Os antigos romanos chamavam de bárbaros a todos os povos nômades, “selvagens“, que não tinham uma cultura refinada herdada pelos gregos. Entre estas diversas tribos destacam-se os vândalos, ostrogodos, visigodos, burgúndios, anglo-saxões, hunos, árabes, mongóis, entre a diversidade de outras tribos. Os antepassados de Vlad Tepes Drácula vinham da Valáquia, uma província romena localizada mais ao sul da Europa Central, e se formos traçar no papel o confuso torvelinho de todas estas raças europeias, um nome surgirá como o próprio nome do diabo, Átila!

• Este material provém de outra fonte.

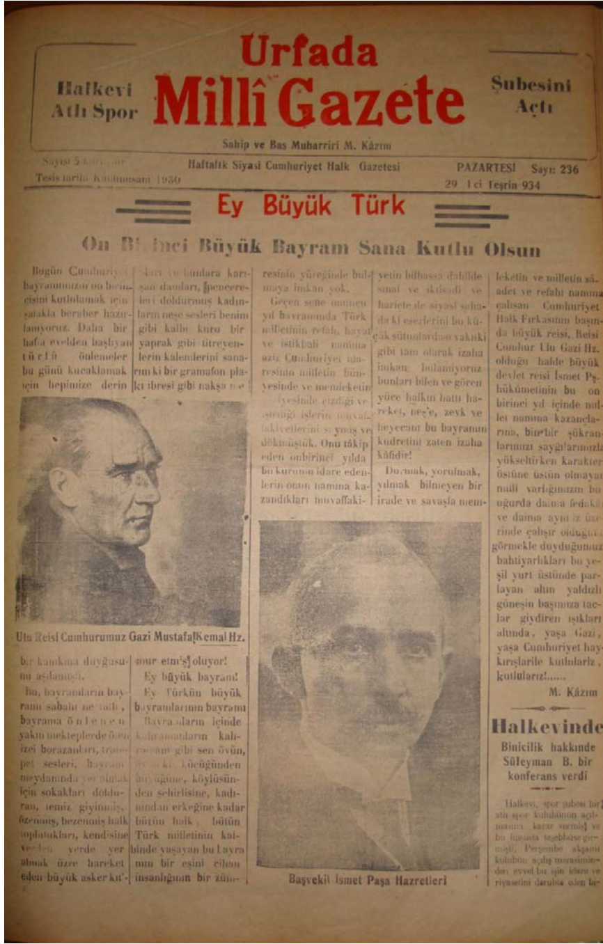
Urfa'da Milli Gazete, S. 236, 29 Birinci Teşrin 1934

O rei dos hunos, e uma frase deste grande líder pode ainda ser lida para podermos entender seu temperamento guerreiro, “A estrela cai, a terra treme, eu sou o martelo do mundo e a erva não cresce mais por onde o meu cavalo tiver passado!

Podemos apenas imaginar como alguns dos antepassados de Vlad Tepes Drácula agiam em seu próprio tempo onde o aço, o ferro, o fogo, o sangue e o ódio eram os ingredientes básicos da realidade medieval por estas terras tão selvagens…

O contexto histórico que culmina em Drácula é tão complexo que somente ele preencheria um novo artigo, mas tomemos um atalho para mergulharmos nos relatos de horror do século XV onde surge um Drácula real, muito diferente daquele do cinema, se bem que o Drácula cinematográfico é uma sombra do Drácula histórico devido à generalidade de um escritor irlandês chamado Bram Stoker, bastante citado nos meus artigos.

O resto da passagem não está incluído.